The direct creation of resources, like menus, without a resource compiler, will also be discussed, as well as possibilities for displaying different kinds of windows, including custom windows, drawn entirely by the program code rather than by the system.
It is impossible, however, to begin to create programs without immediately encountering the problem of how to trace the faults you will have written into your code. To have the intention to be able to write code without any faults is really a forlorn hope. In fact, dealing with, and eliminating, faults, or bugs, is one of the major parts of a programmer's task, and it is consequently necessary to learn how to do this, at the earliest opportunity. The first chapter, on debugging, in Part 2, thus deals with this problem, and discusses how to trace faults and correct them, and eliminate them from your code.
CHAPTER 12
DEBUGGING A WINDOWS PROGRAM CODE.
Debugging, or tracing the locations of faults, or 'bugs', in your code, is one of the most important, possibly the most frequent, easily the most time consuming, and sometimes the most frustrating aspect of programming.
When a fault occurs, the program will either crash, or hang, freezing the entire system, or a system dialog box will be displayed, saying that the program has created an illegal operation, or whatever, and will be closed down.
If the program simply freezes the system, you can press ctrl+alt+delete on the keyboard, which will create a dialog box with a list of running processes, or programs, from which you can select your crashed program and select end task or exit process on the
dialog box, depending on which version of Windows you are working with.

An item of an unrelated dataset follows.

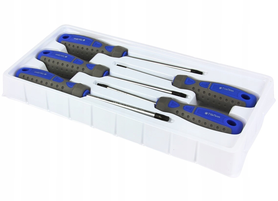 Wkrętaki posiadają magnetyczne wzmacniane groty co ułatwia chwytanie śrub i zwiększa żywotność końcówek. Część robocza wykonana ze stali chromowo-wanadowej (Cr-V) co zwiększa odporność na obrabianie, uszkodzenia i rdzę. Rękojeści zostały pokryte antypoślizgową powłoką dla pewnego i mocnego chwytu. Każda rękojeść została specjalnie wyprofilowana tak aby śrubokręt leżał jak najlepiej w dłoni. Śrubokręty posiadają w rączkach otwory umożliwiające wspomaganie się kluczem przy dokręcaniu lub odkręcaniu. Całość umieszczona w plastikowej wytłoczce oraz grubym kartonie.

In the worst case, where nothing else works, you will have to switch off the power, creating an improper shutdown condition. Next time you start the computer, if you have an earlier version of Windows, the system may flag an improper shutdown and scan the hard disk for faults before fully loading the operating system. It is better, of course, to aviod such extreme measures, if possible.
Debugging requires some kind of systematic approach to first trace the location of the fault, and then work out what exactly the fault is. We will consider these two aspects of the matter separately.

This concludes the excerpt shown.